A set of utilities and instructions for reproducing and testing Kubernetes issues.

NOTE: The below scenarios and utilities may or may not have been successfully used to reproduce issues, so you should review the code and configuration accordingly and adjust if it's not meeting your needs.

Setting up a cluster

Set environment variables to be used across commands

export CLUSTERNAME=cluster-1-17
export K8S_VERSION=1.17
export REGION=us-east-2
export SSH_KEY=k8s_test
export NODEGROUP_NAME=test
export ACCOUNT_ID=111122223333

Create an EKS cluster with eksctl

eksctl create cluster --name $CLUSTERNAME --version $K8S_VERSION --region $REGION --nodegroup-name $NODEGROUP_NAME \
    --nodes 1 --nodes-min 1 --nodes-max 1 --ssh-access --ssh-public-key $SSH_KEY

Set up Prometheus monitoring

This is a shortening of the EKS docs to set up Prometheus. Go to the docs if this gets out of date.
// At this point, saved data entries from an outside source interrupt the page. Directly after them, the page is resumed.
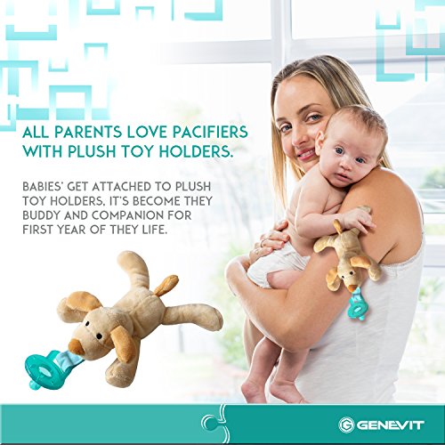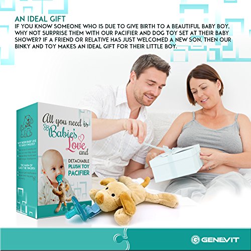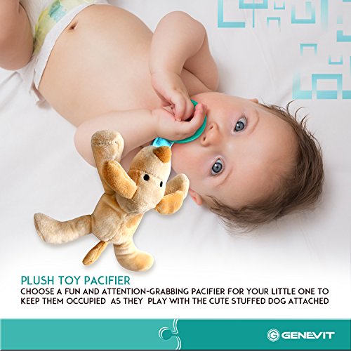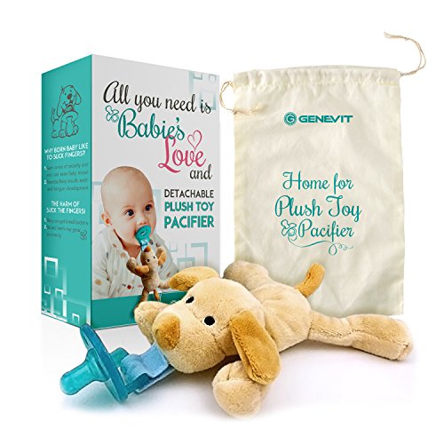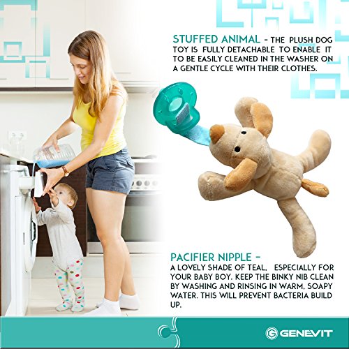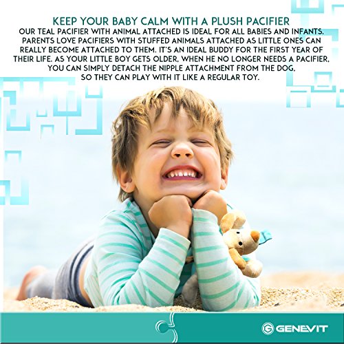 -. Binding : Baby Product -. Brand : Genevit -. Color : Green -. EAN : 0860311001406 -. Feature : PLUSH TOY PACIFIER - choose a fun and attention-grabbing pacifier for your little one to keep them occupied as they play with the cute stuffed dog attached / HYGIENIC - a baby binky is far safer option for your little one to suck on instead of a finger which can breed bacteria and affect the directional growth of her teeth / BENEFITS - baby pacifiers give your child a sense of security and are known to ease their mood as well as exercise baby mouth, teeth and tongue development / STUFFED ANIMAL - the plush dog toy is fully detachable to enable it to be easily cleaned in the washer on a gentle cycle with their clothes / PACIFIER NIPPLE - a lovely shade of pink, especially for your baby girl. Keep the binky nib clean by washing and rinsing in warm, soapy water. This will prevent bacteria build up -. Label : Genevit -. Manufacturer : Genevit -. MPN : DPTP1 -. PartNumber : DPTP1 -. ProductGroup : Baby Product -. ProductTypeName : BABY_PRODUCT -. Publisher : Genevit -. Studio : Genevit -. Title : Baby Pacifier with Stuffed Animal Dog Toy Attached – Detachable – for Babies and Toddlers with Drawstring Fabric Bag – Teal - by Genevit -. UPC : 860311001406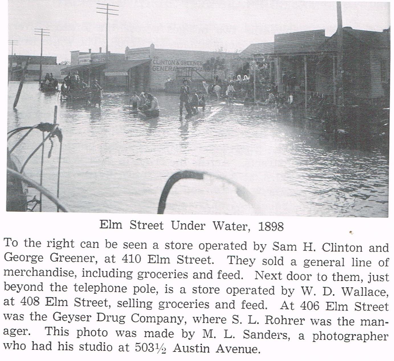 East Waco was always prone to flooding during heavy rains due to its lower elevation. The three worst flooding years that left parts of East Waco underwater were 1885, 1913 and 1936. With the construction of the Lake Whitney Dam and the new Lake Waco Dam, those flood waters have been made more controllable.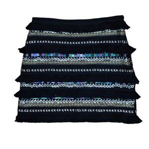ENGLISH ROSE Black sequins beaded fringe pearls mini skirt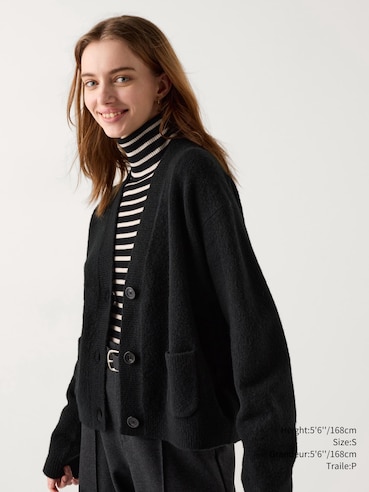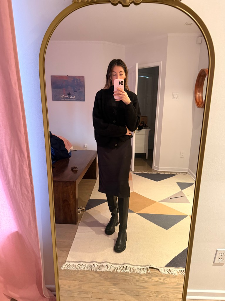 That’s when I spotted her—my black satin slip dress. Sleek, slinky, quietly sensual. The perfect answer to the “texture contrast” part of the equation. I layered it over the turtleneck for warmth (Montreal spring is still a little shy) and threw on a soft, almost cloud-like cardigan from Uniqlo—scored on a mega sale, might I add.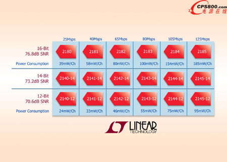 不同速率版本是引腳兼容的,速率包括 25Msps (每通道 24mW)、40Msps (每通道33mW)、65Msps (每通道46mW)、80Msps (每通道 55mW)、105Msps (每通道 75mW) 和 125Msps (每通道 95mW)。將器件置于備用 (16mW) 或停機 (1mW) 模式,還可以進一步節省功率。750MHz 的模擬全功率帶寬和 0.08psRMS 的超低抖動允許以卓越的噪聲性能對 IF 頻率進行欠采樣。這些器件采用了凌力爾特公司的數字輸出隨機函數發生器和交替位極性 (ABP) 模式特征,旨在減少數字反饋。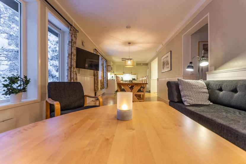 Vasabyn ligger i Lindvallen. 1. sals lejlighed, 8 sengepladser, 72 m², alrum med køkkenafdeling, 3 soveværelser, 2 brusere, 2 WC, sauna.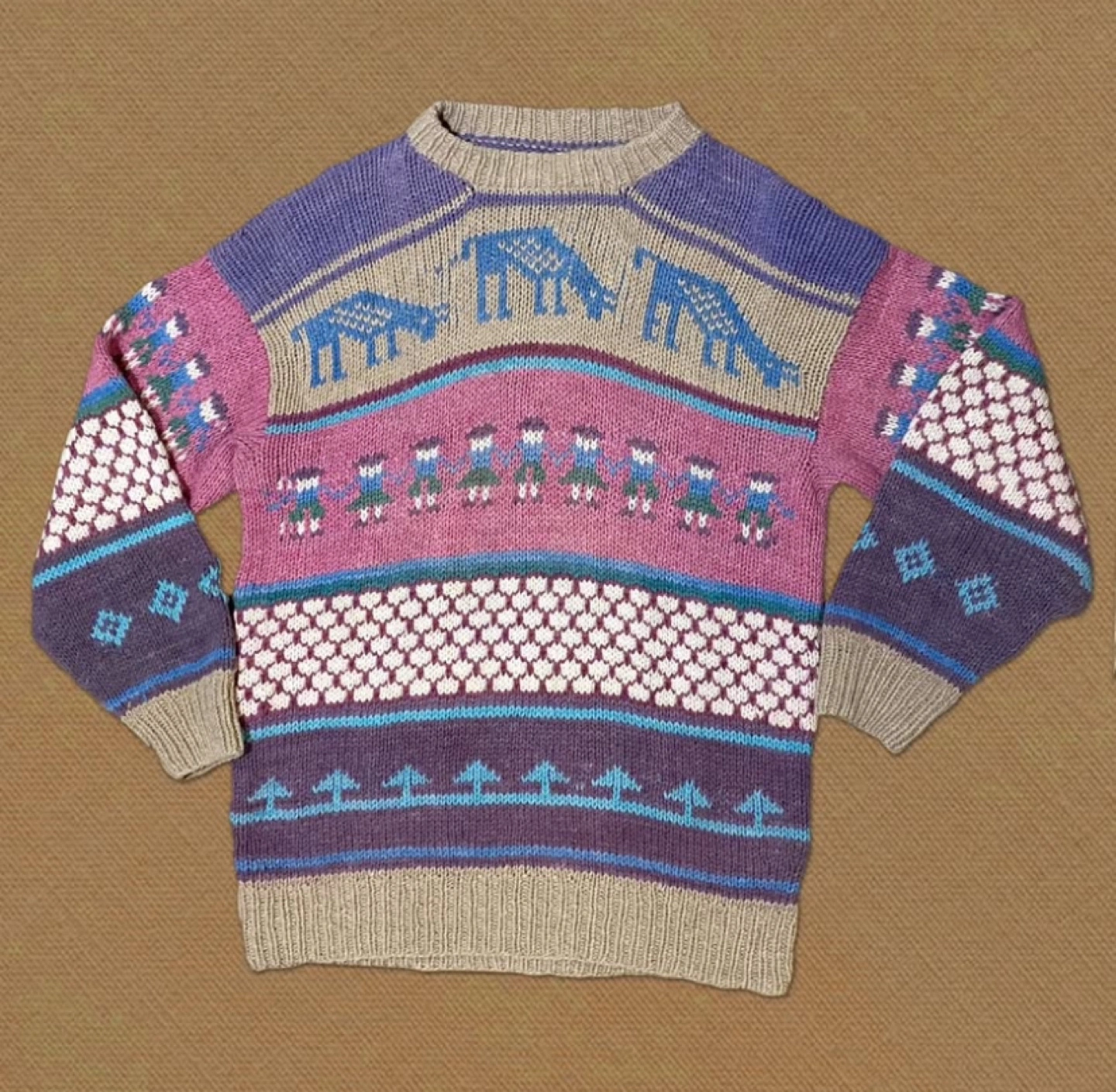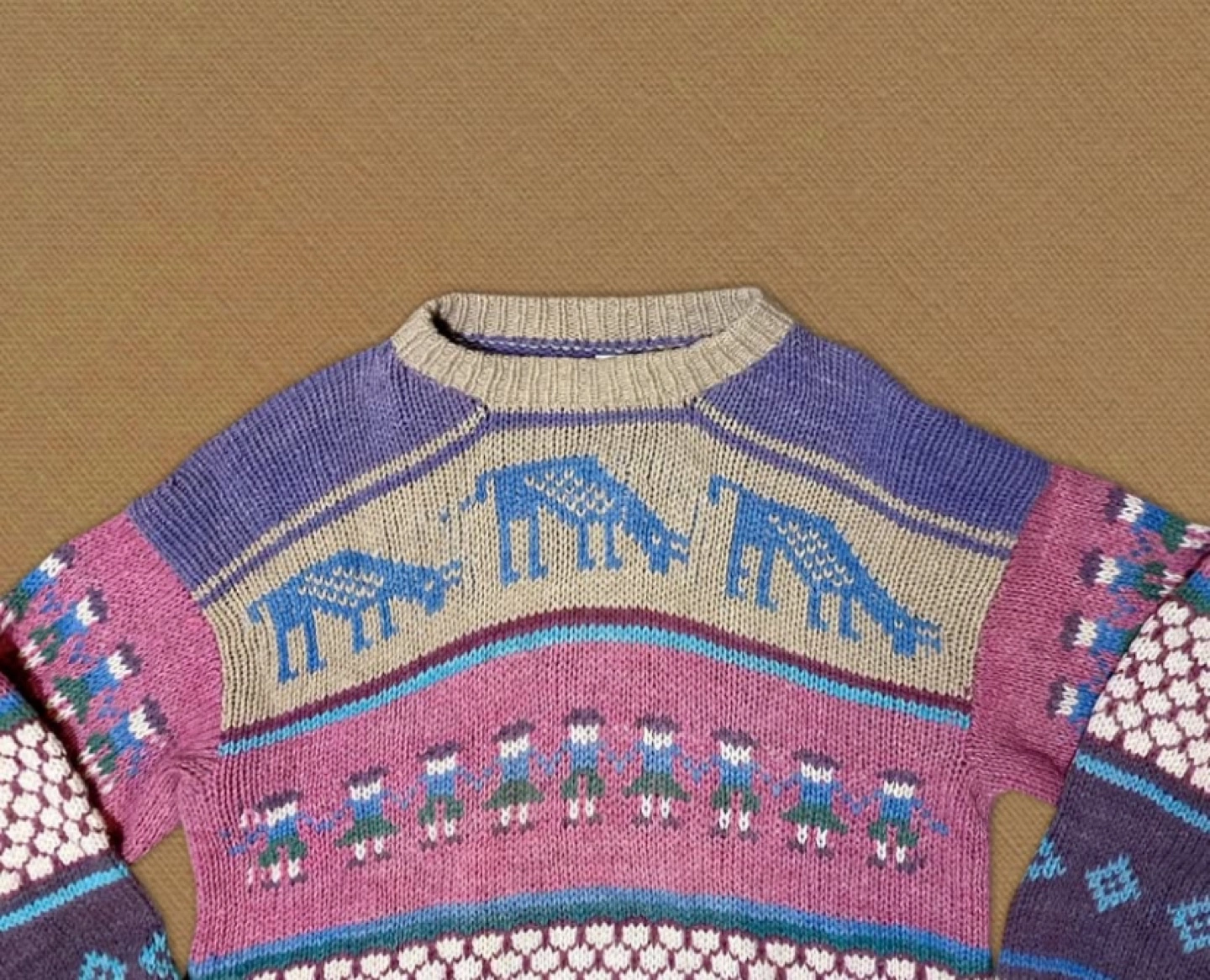 96Beautiful hand knit patterned sweater. Really lovely detail, one of a kind! No tags but I think it's wool Pick up or drop off near runnymede & Dundas Pit to pit- 22” Top to bottom- 30”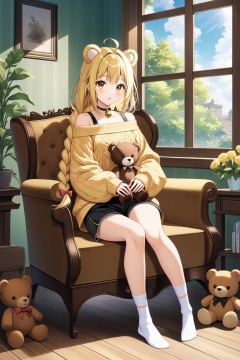 1girl, solo, long hair, looking at viewer, blush, bangs, blonde hair, long sleeves, bow, animal ears, bare shoulders, brown eyes, sitting, collarbone, full body, yellow eyes, braid, ahoge, parted lips, shorts, choker, day, socks, puffy sleeves, indoors, off shoulder, :o, sweater, sleeves past wrists, short shorts, window, single braid, bell, black choker, chair, no shoes, black shorts, stuffed toy, stuffed animal, white socks, couch, teddy bear, wooden floor, on couch, brown sweater, on chair, off-shoulder sweater, armchair, yellow sweater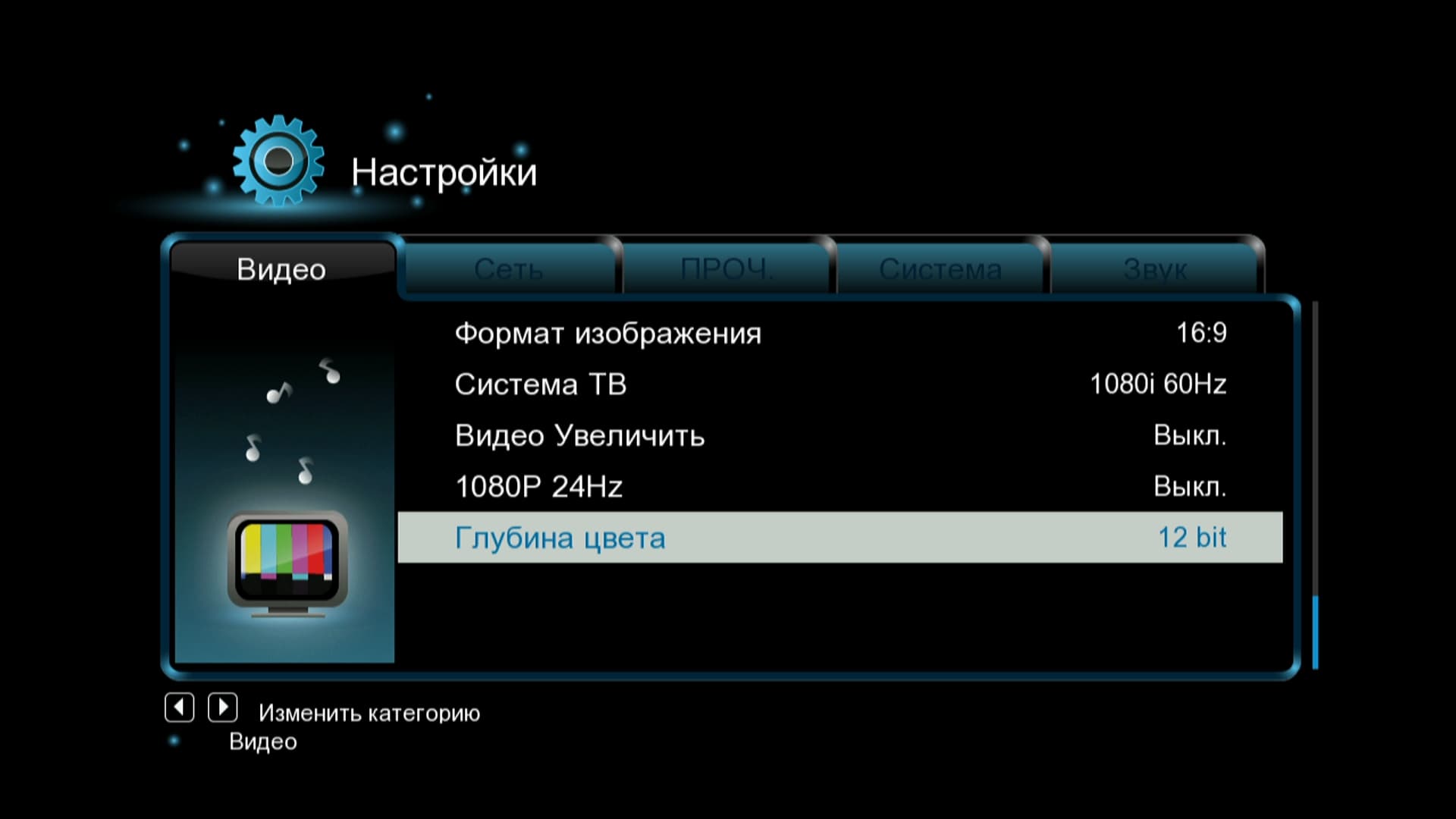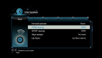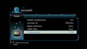 | Аудионастройки предусматривают возможность смягчения резких звуков, параметров вывода звука с цифровых выходов (LPCM — линейная импульсно-кодовая модуляция либо RAW — без обработки) | Настройки видеовыхода включают изменение аспекта кадра и ТВ-системы, активацию режима 24p для телевизоров, которые поддерживают такую систему, а также изменение глубины цвета (авто, 12 бит, 10 бит) |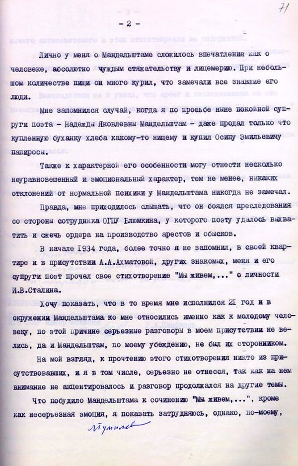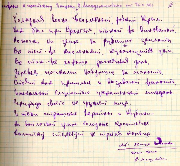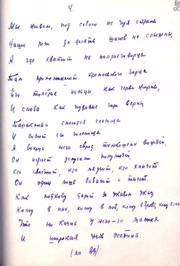 | Справка № 23 о контрреволюционных стихотворения «Холодная весна…» и «Мы живем, под собою не чуя страны…» от 2 июня 1935 г. |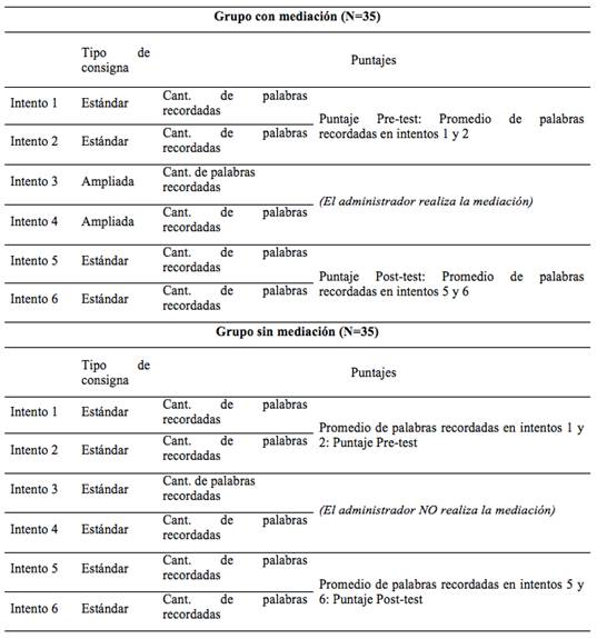 Los participantes fueron divididos aleatoriamente en dos grupos de 35 sujetos: un grupo recibió la mediación en los intentos A3 y A4 de la AVLT-PA, y el otro grupo no recibió ninguna mediación o entrenamiento en dichos intentos. Las diferencias en el procedimiento de aplicación de la AVLT-PA según los grupos se describen en la Tabla 2. Como se mencionó anteriormente, las consignas estándar consisten en la mera lectura de las palabras de la lista y el registro de las palabras recordadas por el sujeto, sin mayores intervenciones por parte del evaluador. Para las consignas ampliadas se siguieron los consignas de Calero y Navarro-González (2006), las cuales consisten, como se describió anteriormente, en la lectura de las palabras de la lista junto con una intervención activa del evaluador, aportando feedback de su rendimiento y un refuerzo en la lectura de las palabras que el sujeto aun no aprendió, registrando las palabras recordadas en cada intento.

kubectl create namespace prometheus
helm install kube-prometheus stable/prometheus --namespace prometheus \
    --set alertmanager.persistentVolume.storageClass="gp2",server.persistentVolume.storageClass="gp2"
# Verify that pods are ready
kubectl get pods -n prometheus
# Port forward console to local machine
kubectl --namespace=prometheus port-forward deploy/kube-prometheus-server 9090

Go to localhost:9090 to verify the install.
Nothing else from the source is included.